1. Deployment Layer#

  • PyTriton Backend: Provides high-performance inference through the NVIDIA Triton Inference Server, with OpenAI API compatibility via a FastAPI interface. Supports model parallelism across single-node and multi-node configurations. Note: Multi-instance evaluation is not supported.

  • Ray Backend: Enables multi-instance evaluation with model parallelism on a single node using Ray Serve, while maintaining OpenAI API compatibility. Multi-node support is coming soon.

2. Evaluation Layer#

  • NVIDIA Eval Factory: Provides standardized benchmark evaluations using packages from NVIDIA Eval Factory, bundled in the NeMo Framework container. The lm-evaluation-harness is pre-installed by default, and additional tools listed in the support matrix can be added as needed. For more information, see the documentation.

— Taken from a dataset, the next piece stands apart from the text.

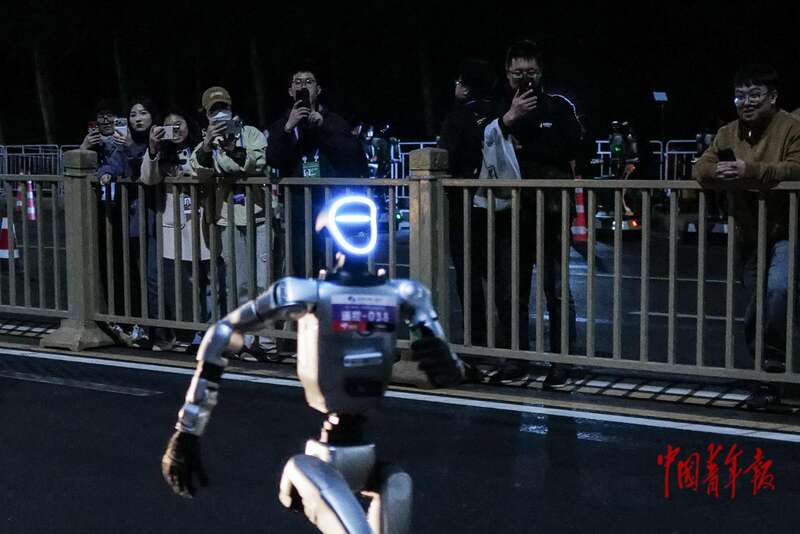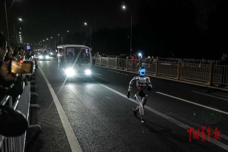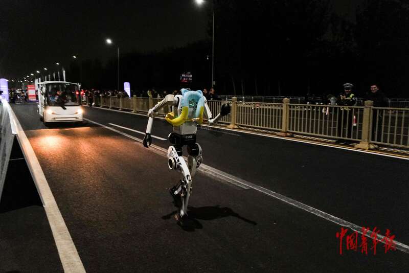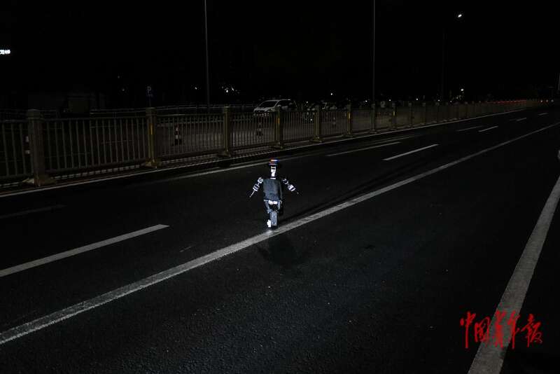 4月11日深夜,北京经济技术开发区,2026人形机器人半程马拉松全流程全要素测试活动,一台机器人正在进行实地测试。据介绍,2026人形机器人半程马拉松将于4月19日上午鸣枪开跑。为更好筹备赛事,4月11日晚至12日凌晨,主办方组织开展了2026人形机器人半程马拉松全流程全要素测试活动,全面模拟赛道通行、流程调度、设备协同、应急保障等核心场景。中青报·中青网记者 赵迪/摄

  • Adapter System: Flexible request/response processing pipeline with Interceptors that provide modular processing:

    • Available Interceptors: Modular components for request/response processing

      • SystemMessageInterceptor: Customize system prompts

      • RequestLoggingInterceptor: Log incoming requests

      • ResponseLoggingInterceptor: Log outgoing responses

      • ResponseReasoningInterceptor: Process reasoning outputs

      • EndpointInterceptor: Route requests to the actual model

πŸ“– Usage Examples#

Basic Deployment with PyTriton as the Serving Backend#

from nemo_eval.api import deploy

# Deploy model
deploy(
    nemo_checkpoint="/path/to/checkpoint",
    serving_backend="pytriton",
    server_port=8080,
    num_gpus=1,
    max_input_len=8192,
    max_batch_size=4
)

Basic Evaluation#

from nvidia_eval_commons.core.evaluate import evaluate
from nvidia_eval_commons.api.api_dataclasses import ApiEndpoint, ConfigParams, EvaluationConfig, EvaluationTarget
# Configure Endpoint
api_endpoint = ApiEndpoint(
    url="http://0.0.0.0:8080/v1/completions/",
    type="completions",
    model_id="megatron_model"
)
# Evaluation target configuration
target = EvaluationTarget(api_endpoint=api_endpoint)
# Configure EvaluationConfig with type, number of samples to evaluate on, etc.
config = EvaluationConfig(type="gsm8k",
            output_dir="results",
            params=ConfigParams(
                    limit_samples=10
                ))

# Run evaluation
results = evaluate(target_cfg=target, eval_cfg=config)

Use Adapters#

The example below demonstrates how to configure an Adapter to provide a custom system prompt. Requests and responses are processed through interceptors, which are automatically selected based on the parameters defined in AdapterConfig.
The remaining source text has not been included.